# Your objective
Beginning with the line that has "11. М-35, двудекалка." and ending with the line that has "国家能源集团新疆能源公司原副", retype the entries below exactly, except for the pictures.

# Supplied material
*** Begin section ***
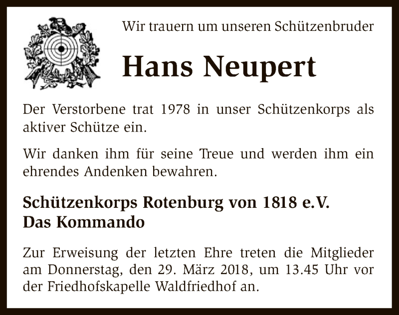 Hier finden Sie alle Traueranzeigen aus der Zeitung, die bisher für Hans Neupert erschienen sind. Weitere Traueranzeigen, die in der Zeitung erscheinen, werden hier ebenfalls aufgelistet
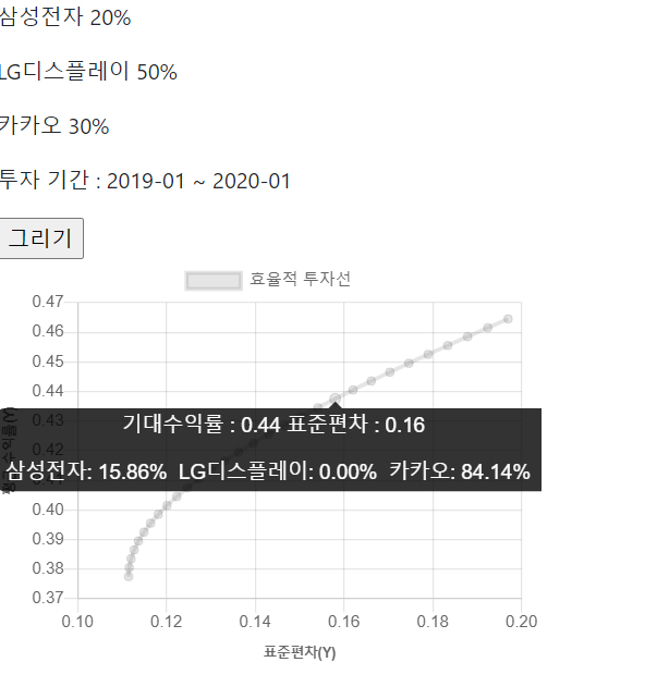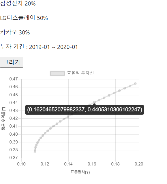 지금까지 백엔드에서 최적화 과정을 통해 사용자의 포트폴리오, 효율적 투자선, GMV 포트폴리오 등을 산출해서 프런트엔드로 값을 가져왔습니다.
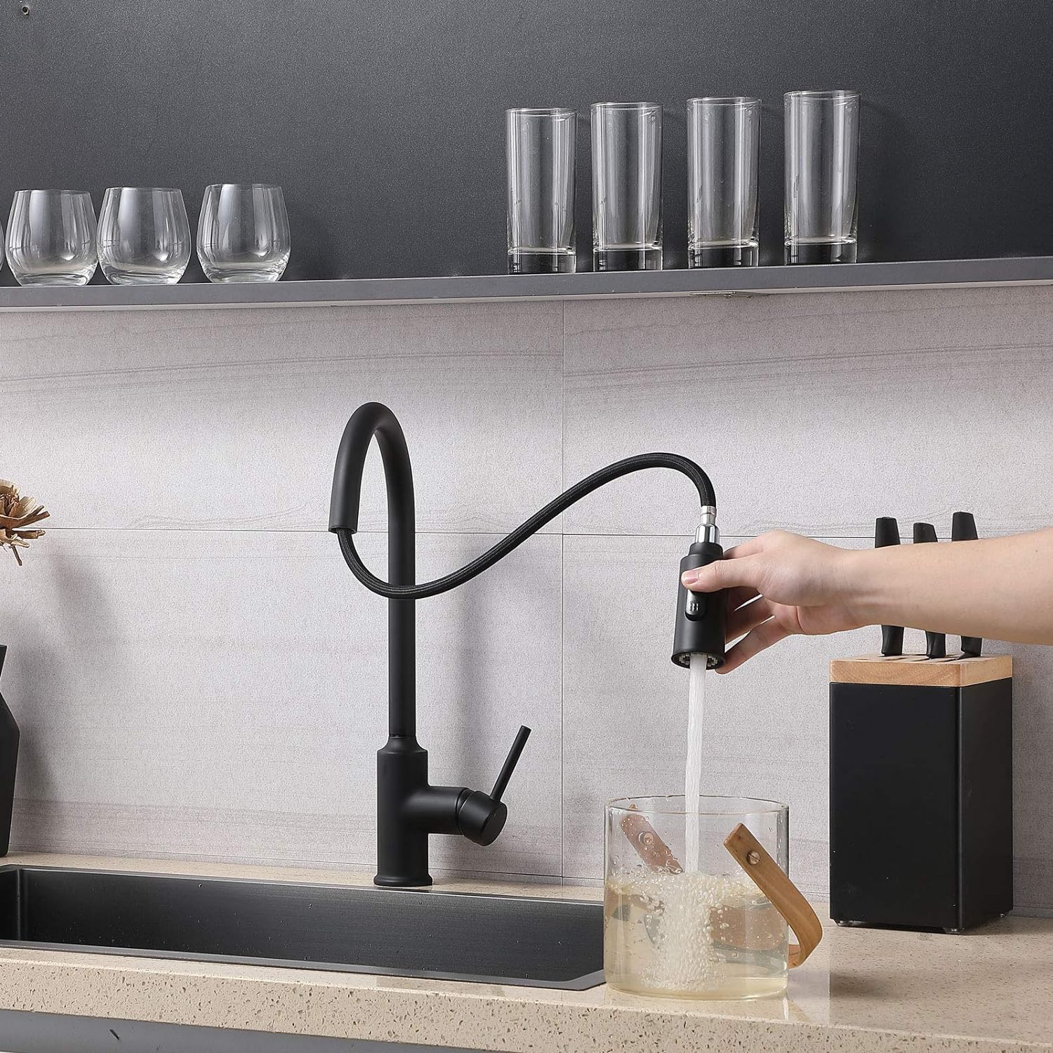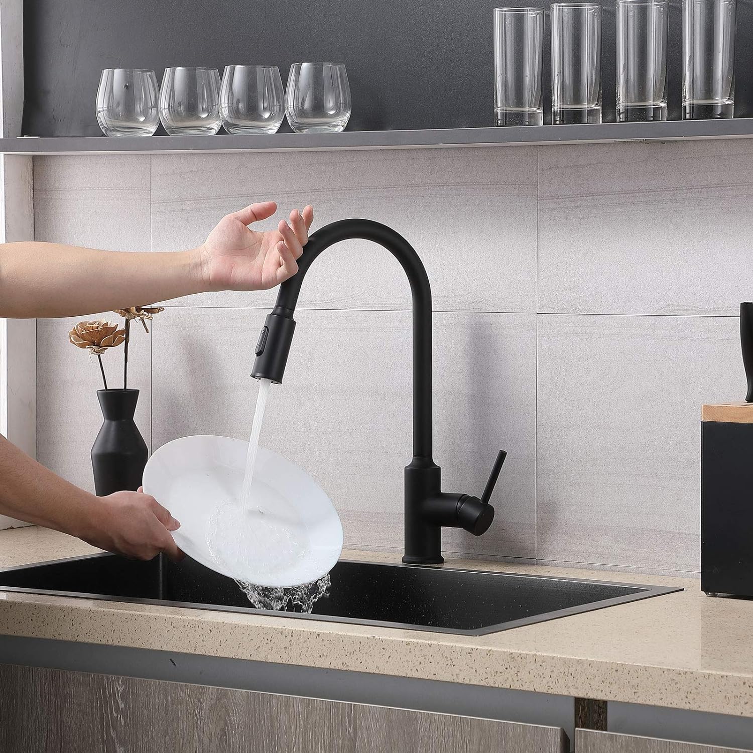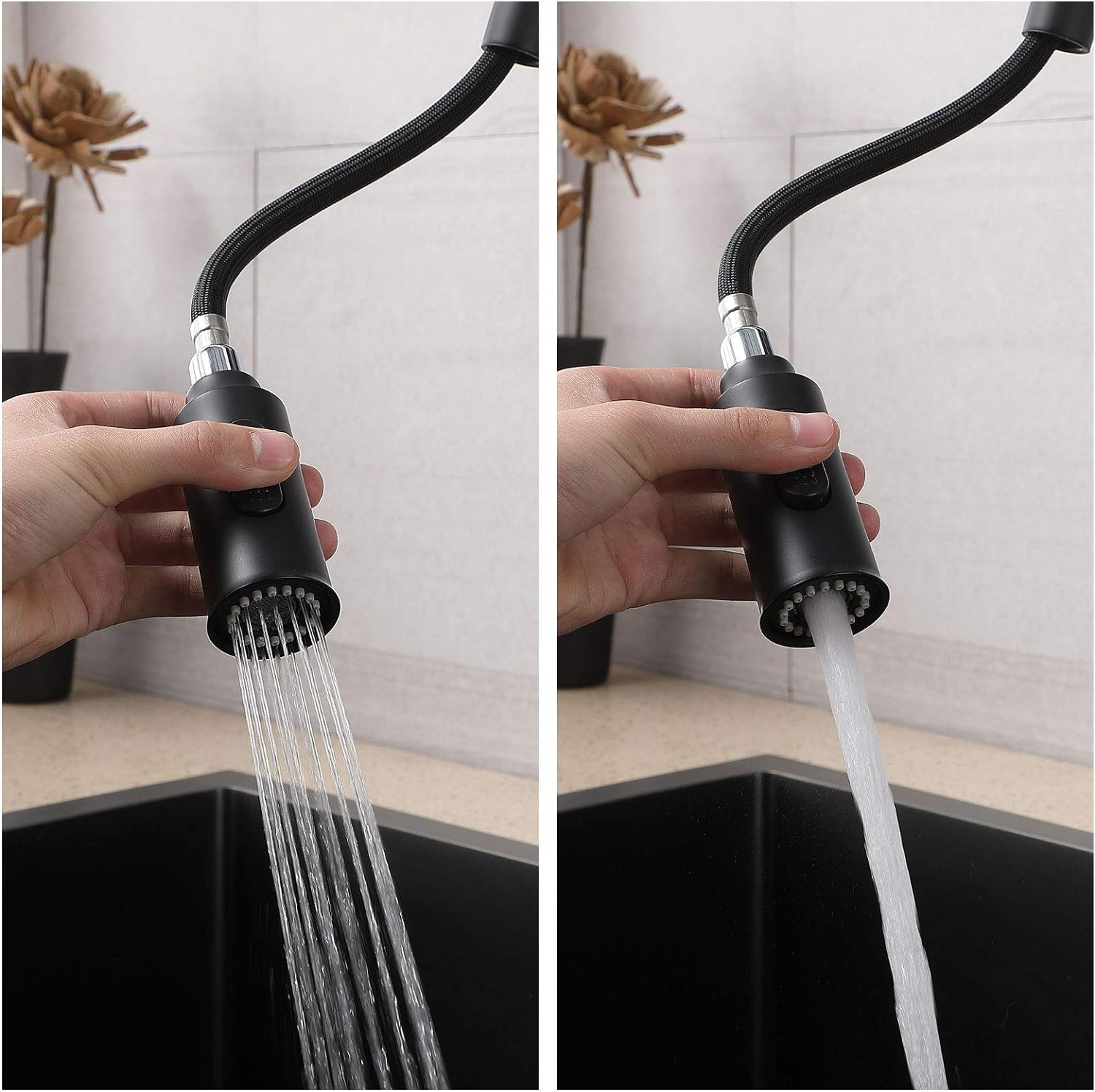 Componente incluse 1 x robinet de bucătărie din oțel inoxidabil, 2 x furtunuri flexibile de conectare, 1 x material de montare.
*** End section ***
*** Begin section ***
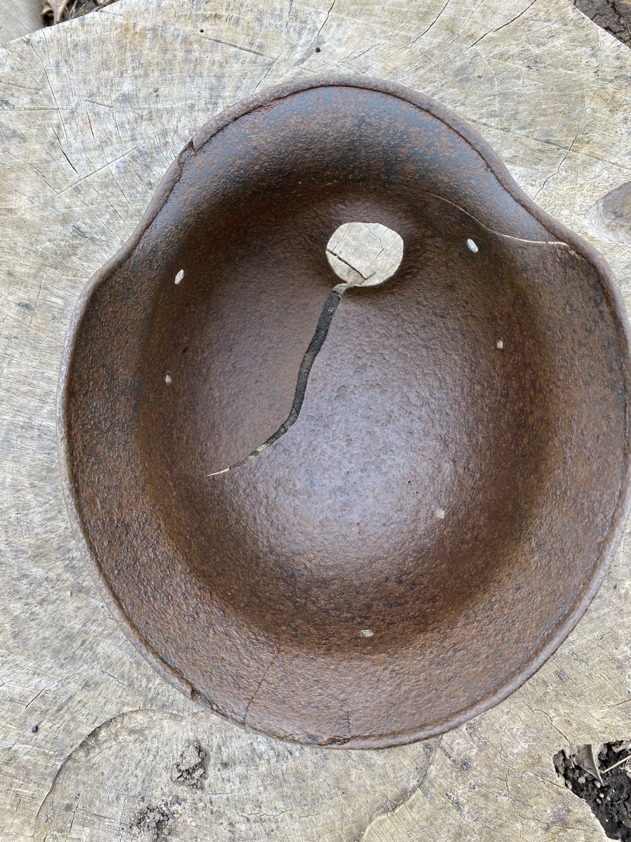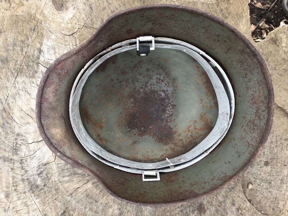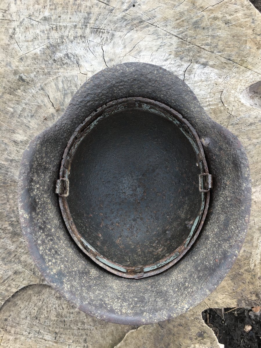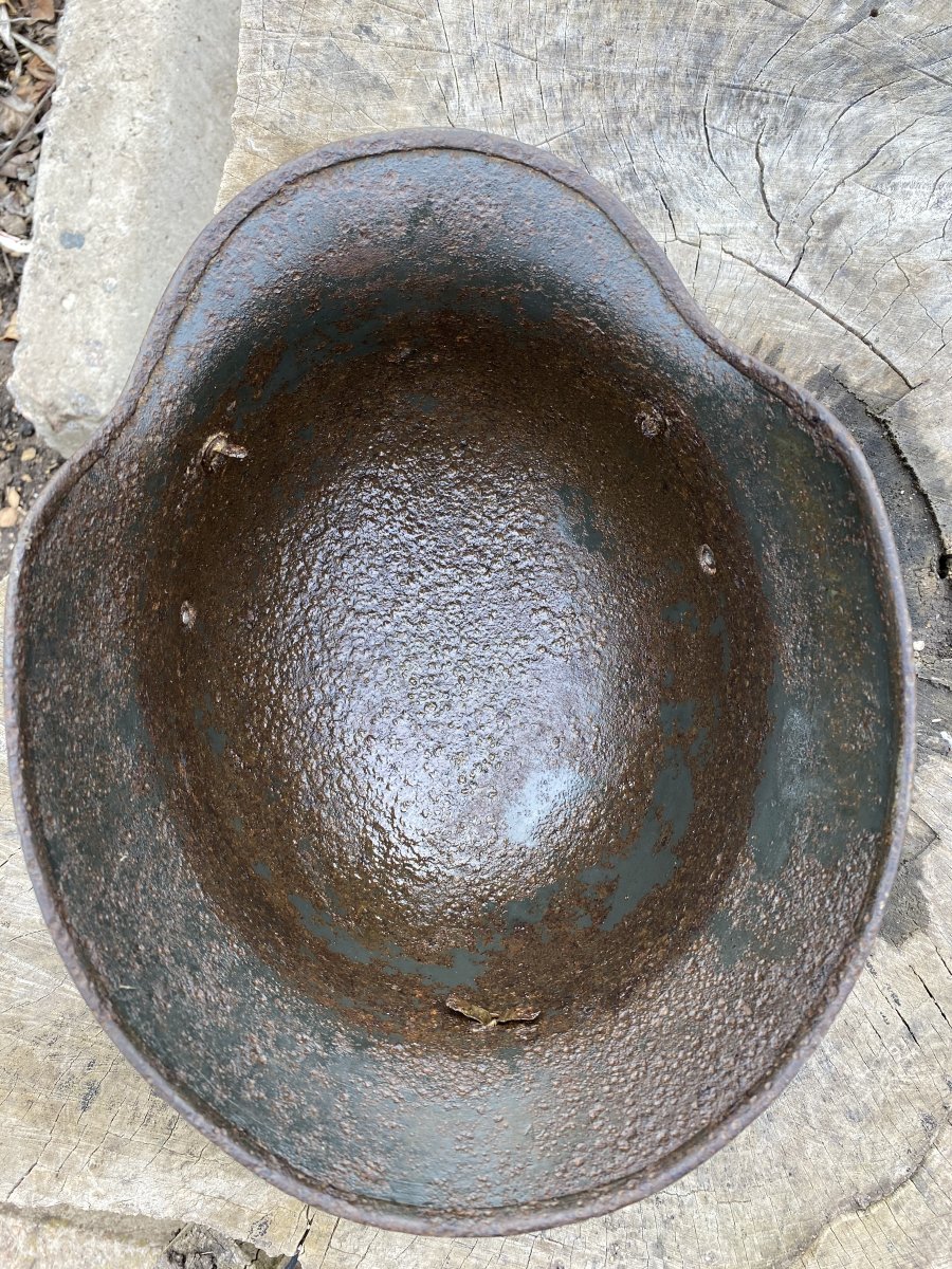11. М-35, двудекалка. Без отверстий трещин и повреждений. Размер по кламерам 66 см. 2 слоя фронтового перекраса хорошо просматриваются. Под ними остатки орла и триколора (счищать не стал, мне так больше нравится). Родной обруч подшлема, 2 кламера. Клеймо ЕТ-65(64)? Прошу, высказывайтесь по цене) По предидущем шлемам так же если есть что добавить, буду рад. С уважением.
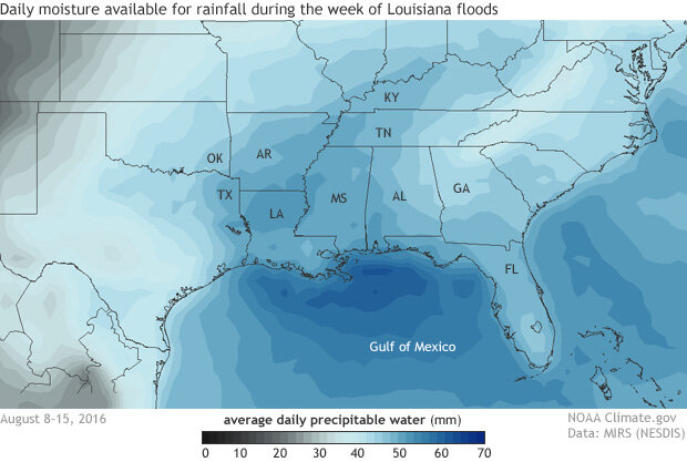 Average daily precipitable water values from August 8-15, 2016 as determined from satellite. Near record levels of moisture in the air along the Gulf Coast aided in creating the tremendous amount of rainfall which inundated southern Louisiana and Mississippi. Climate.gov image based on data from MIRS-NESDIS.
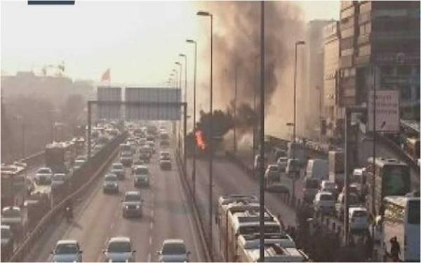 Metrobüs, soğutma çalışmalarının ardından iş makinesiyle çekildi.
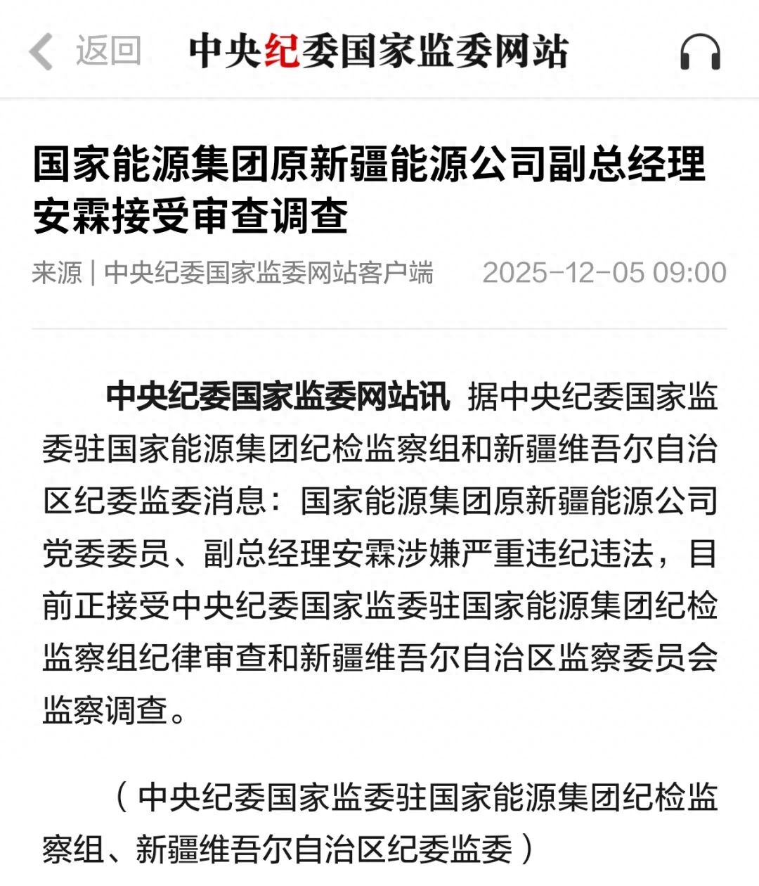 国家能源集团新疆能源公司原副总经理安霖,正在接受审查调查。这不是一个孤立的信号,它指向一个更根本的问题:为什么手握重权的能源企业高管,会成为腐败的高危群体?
*** End section ***
*** Begin section ***
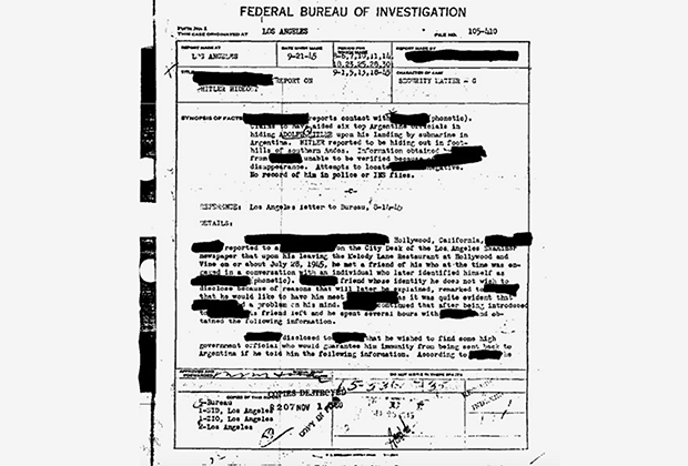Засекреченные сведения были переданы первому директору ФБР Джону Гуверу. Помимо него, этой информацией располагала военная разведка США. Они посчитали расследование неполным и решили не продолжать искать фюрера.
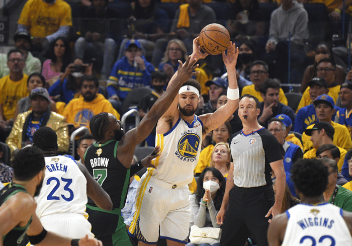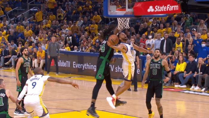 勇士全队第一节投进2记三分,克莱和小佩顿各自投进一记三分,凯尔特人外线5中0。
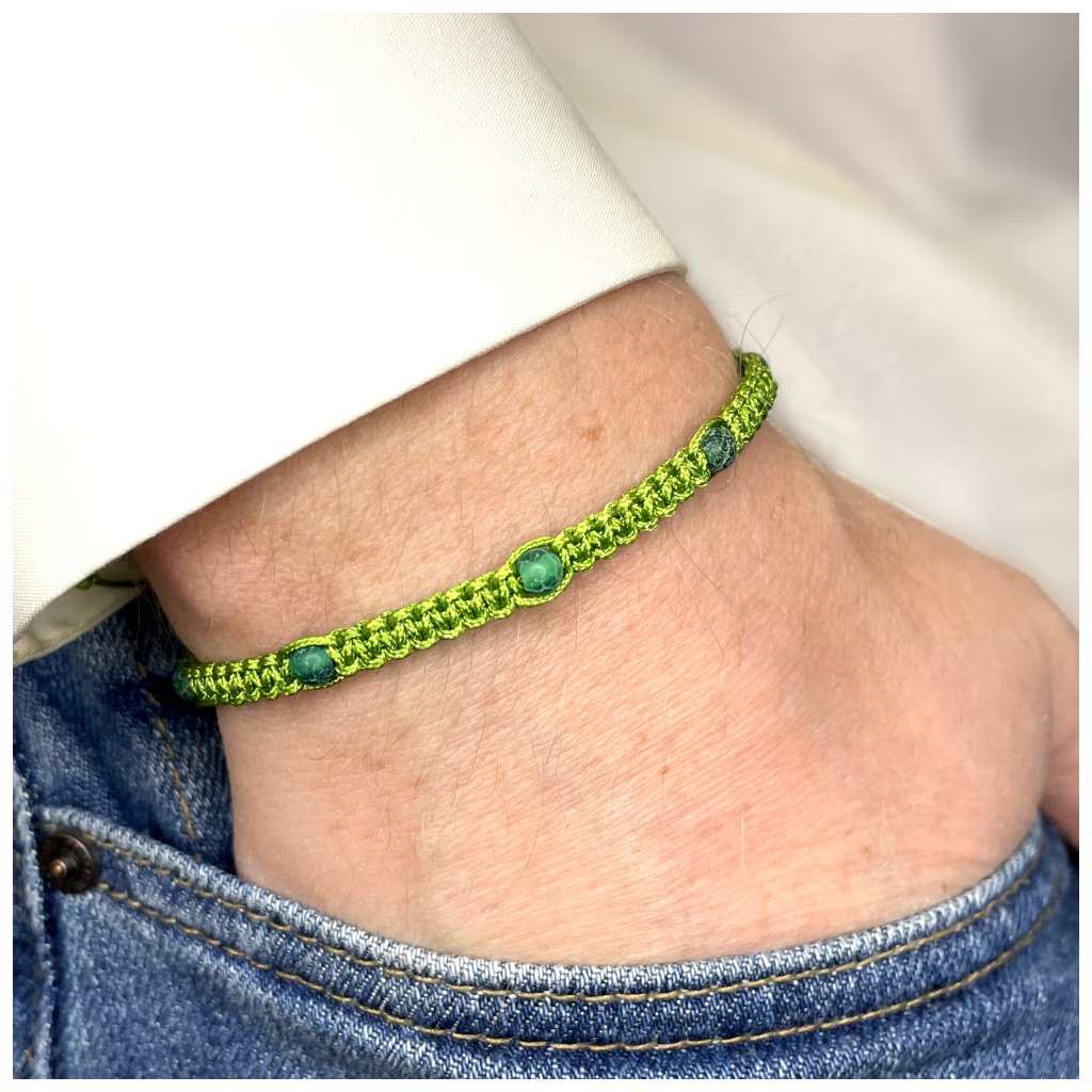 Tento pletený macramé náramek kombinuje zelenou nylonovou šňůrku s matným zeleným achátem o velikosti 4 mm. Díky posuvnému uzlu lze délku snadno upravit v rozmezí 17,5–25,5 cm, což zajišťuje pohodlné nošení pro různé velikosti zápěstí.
*** End section ***
# Task response
11. М-35, двудекалка. Без отверстий трещин и повреждений. Размер по кламерам 66 см. 2 слоя фронтового перекраса хорошо просматриваются. Под ними остатки орла и триколора (счищать не стал, мне так больше нравится). Родной обруч подшлема, 2 кламера. Клеймо ЕТ-65(64)? Прошу, высказывайтесь по цене) По предидущем шлемам так же если есть что добавить, буду рад. С уважением.
 Average daily precipitable water values from August 8-15, 2016 as determined from satellite. Near record levels of moisture in the air along the Gulf Coast aided in creating the tremendous amount of rainfall which inundated southern Louisiana and Mississippi. Climate.gov image based on data from MIRS-NESDIS.
 Metrobüs, soğutma çalışmalarının ardından iş makinesiyle çekildi.
 国家能源集团新疆能源公司原副总经理安霖,正在接受审查调查。这不是一个孤立的信号,它指向一个更根本的问题:为什么手握重权的能源企业高管,会成为腐败的高危群体?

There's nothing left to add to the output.